Hi Matthieu,

I had the same concern and approached the problem somewhat differently than you by waiting until there is data ready to read before calling jobacct_gather_g_getinfo(), see:
https://github.com/SchedMD/slurm/commit/4c0eea7b8c20ccb1cacad51838a1ea8257cc637d

I was hoping to avoid making this change to SLURM version 2.3, but if you have also seen the problem then perhaps either your patch or mine should be made to v2.3. I need to look at your patch more closely, but it seems a better approach than my patch.

Moe

Quoting Matthieu Hautreux <matthieu.hautr...@gmail.com>:

Don,

having encountered the same exact problem... and applying this patch,
it does not work as expected.

Indeed, there is an other layer of lock in
jobacct_common-{setinfo,getinfo} that triggers the same exact
deadlock.

I think that the reason you did not see the problem is because of the
size of your jobs. The reason of the deadlock is the use of both
jobacct_gather_g_setinfo and jobacct_gather_g_getinfo over a pipe in
both slurmd and slurmstepd in their communications. As long as the
simultaneous usage of both in each of the daemon does not appear, you
do not have the problem.  jobacct_gather_g_getinfo over a pipe in
slurmd is mostly use to collect statistics from the slurmstepds (like
when enforcing memory limits). jobacct_gather_g_setinfo over a pipe in
slurmd is used in stepd_completion when slurmd receive a completion
message from an other node of a same job and push the accounting data
to the related local slurmstepd for aggregation. This does not occur
with small jobs.

I think that it is harmfull to use both setinfo and getinfo other a
pipe when communicating between slurmd and slurmstepd. I modified the
code to ensure that slurmd only do getinfo calls and slurmstepd only
do setinfo calls. I have installed a patched version of slurm that
does not reproduce the problem for now. You will find it enclosed. It
does not require to use the patch removing the locks.

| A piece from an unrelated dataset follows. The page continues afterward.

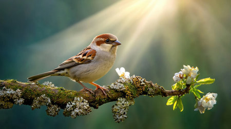 A serene image of a sparrow perched on a branch adorned with delicate flowers. The soft sunlight creates a peaceful atmosphere, highlighting the beauty of nature.

Note that before applying this patch on a node, it must be drained.
Indeed, as the communication protocol is modified to avoid the
deadlock, both slumrd and slurmstepd must be aware of the
modification. Hot swap of the rpms could result in a old slurmstepd
trying to reply to a new slurmd in the older way thus resulting in a
failure in job termination.

Moe, Danny, what is your view concerning that deadlock scenario ? Do
you think that this patch is sufficient ?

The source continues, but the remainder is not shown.